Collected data
*** Block opens ***
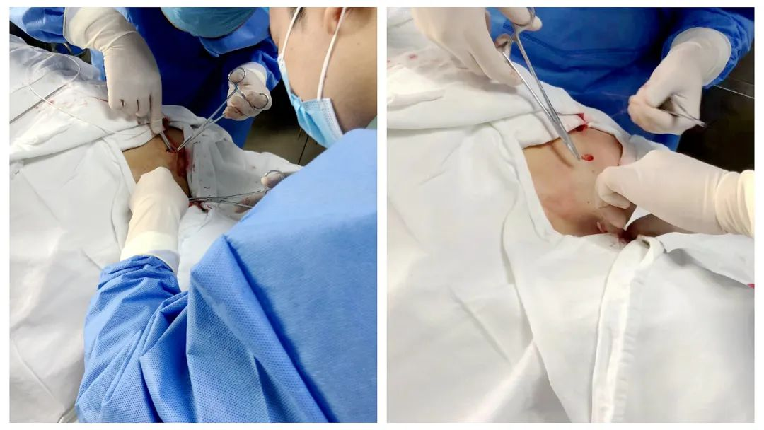 手术医生在局麻下进行输液港植入术
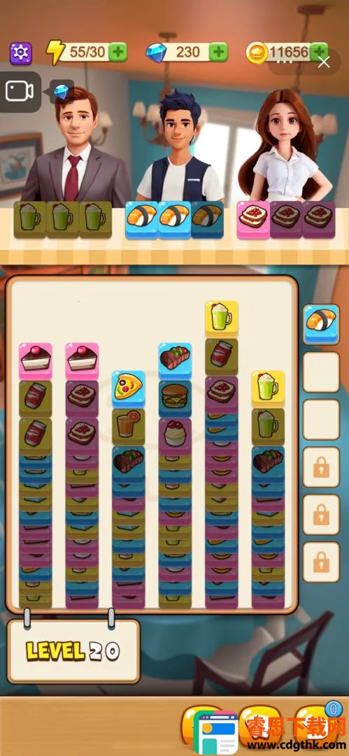 以美食卡牌为题材的三消小游戏,玩法独特有趣。
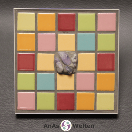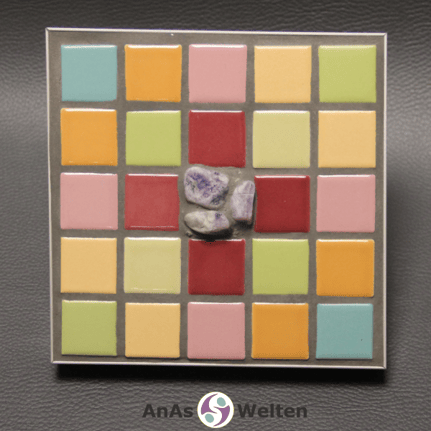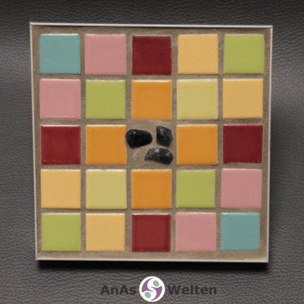 Hier wurden die Buchstaben des Sator-Quadrats auf eine Jackoboardplatte geschrieben und anschließend überfliest. Wie auch bei den anderen Varianten steht je eine Fliesenfarbe für einen eigenen Buchstaben. Auf dem mittleren Buchstaben N haben wir Edelsteine verwendet.
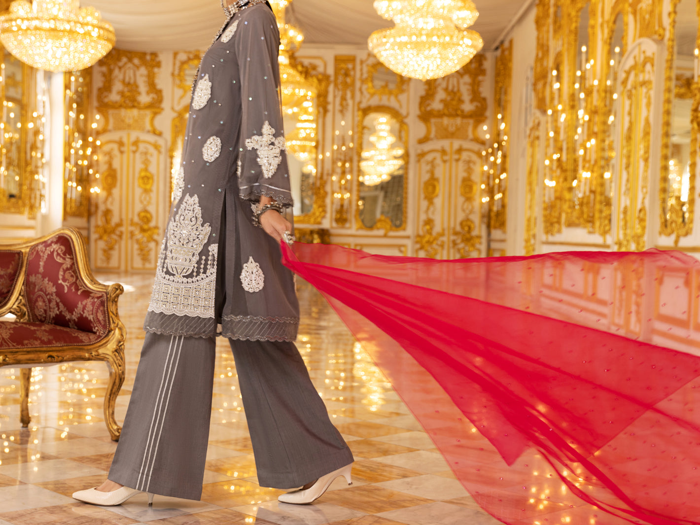 Grey 3Pc Shimmer Net Formal Unstitched - AL-3PS-LS-UN-359
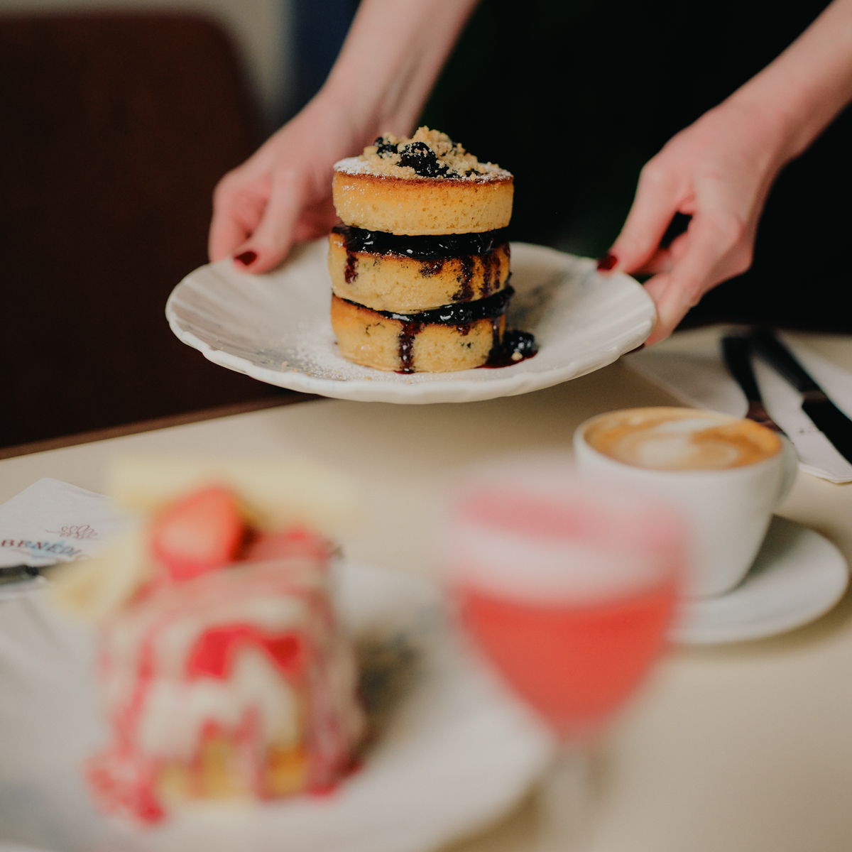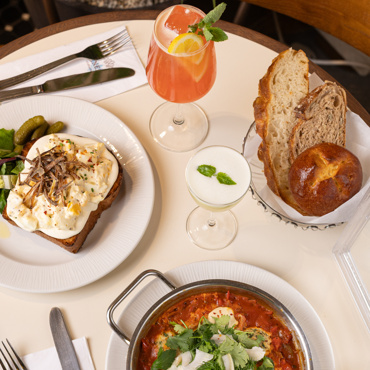 Auch das Sharing-Angebot ist charmant: Shakshuka in verschiedenen Varianten, Sabich mit Aubergine und Ei oder cremiger Hummus mit frischem Brot bringen unterschiedliche Geschmackswelten auf den Tisch. Wer es süß mag, greift zu French Toast oder zu den legendären Pancakes mit verschiedenen Toppings. Ergänzt wird das Angebot durch eine große Auswahl an Kaffee- und Frühstücksgetränken, darunter auch kreative Cocktails.
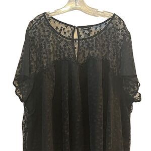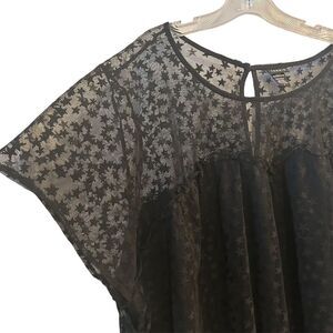 Torrid Plus Size 4 Black Star Mesh Overlay Blouse Short Sleeve Casual
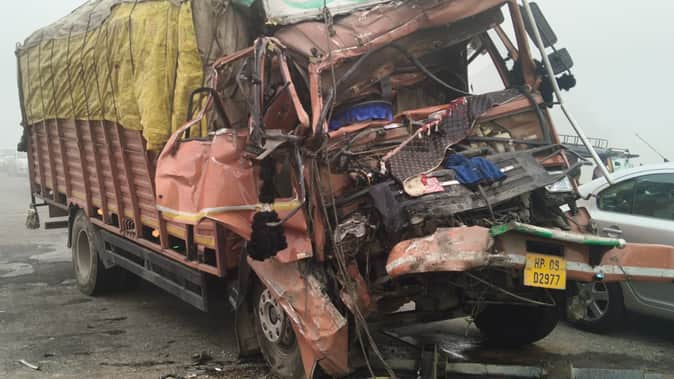 धुंध का कहर : सहारनपुर-पंचकूला हाईवे पर टकराए आठ वाहन, दो चालक घायल
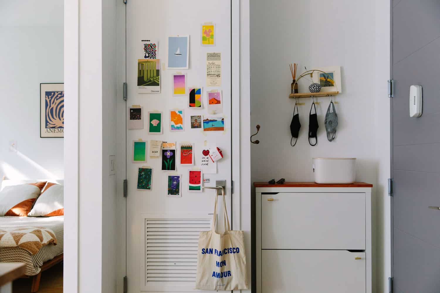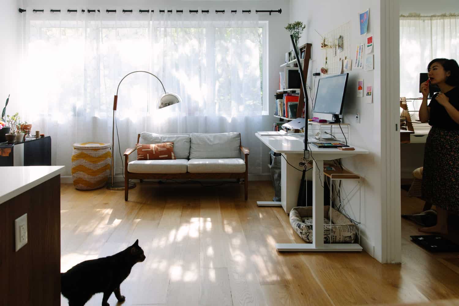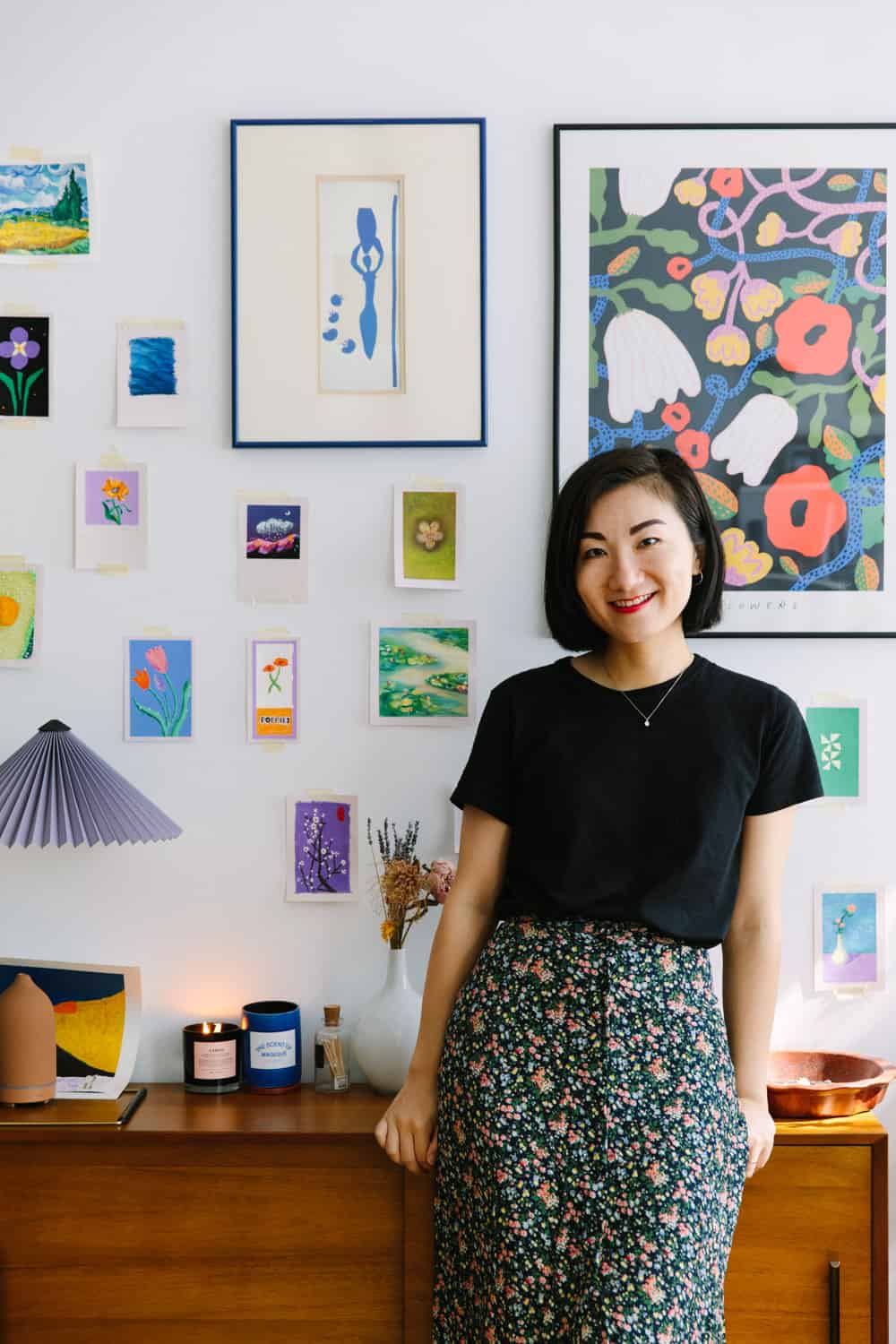 Ariel Sun lives with her husband, Simon, and their cat, Mochi, in Prospect Heights, Brooklyn. Her day job is on a tech company’s design team, but during quarantine, she got into painting and created mini masterpieces to hang around their home. How cool is that? Take a look inside…
*** Block closes ***
Exercise aim -> Write out again every line above exactly as given; the pictures do not belong in the copy.

Exercise response ->
 手术医生在局麻下进行输液港植入术
 以美食卡牌为题材的三消小游戏,玩法独特有趣。
 Hier wurden die Buchstaben des Sator-Quadrats auf eine Jackoboardplatte geschrieben und anschließend überfliest. Wie auch bei den anderen Varianten steht je eine Fliesenfarbe für einen eigenen Buchstaben. Auf dem mittleren Buchstaben N haben wir Edelsteine verwendet.
 Grey 3Pc Shimmer Net Formal Unstitched - AL-3PS-LS-UN-359
 Auch das Sharing-Angebot ist charmant: Shakshuka in verschiedenen Varianten, Sabich mit Aubergine und Ei oder cremiger Hummus mit frischem Brot bringen unterschiedliche Geschmackswelten auf den Tisch. Wer es süß mag, greift zu French Toast oder zu den legendären Pancakes mit verschiedenen Toppings. Ergänzt wird das Angebot durch eine große Auswahl an Kaffee- und Frühstücksgetränken, darunter auch kreative Cocktails.
 Torrid Plus Size 4 Black Star Mesh Overlay Blouse Short Sleeve Casual
 धुंध का कहर : सहारनपुर-पंचकूला हाईवे पर टकराए आठ वाहन, दो चालक घायल
 Ariel Sun lives with her husband, Simon, and their cat, Mochi, in Prospect Heights, Brooklyn. Her day job is on a tech company’s design team, but during quarantine, she got into painting and created mini masterpieces to hang around their home. How cool is that? Take a look inside…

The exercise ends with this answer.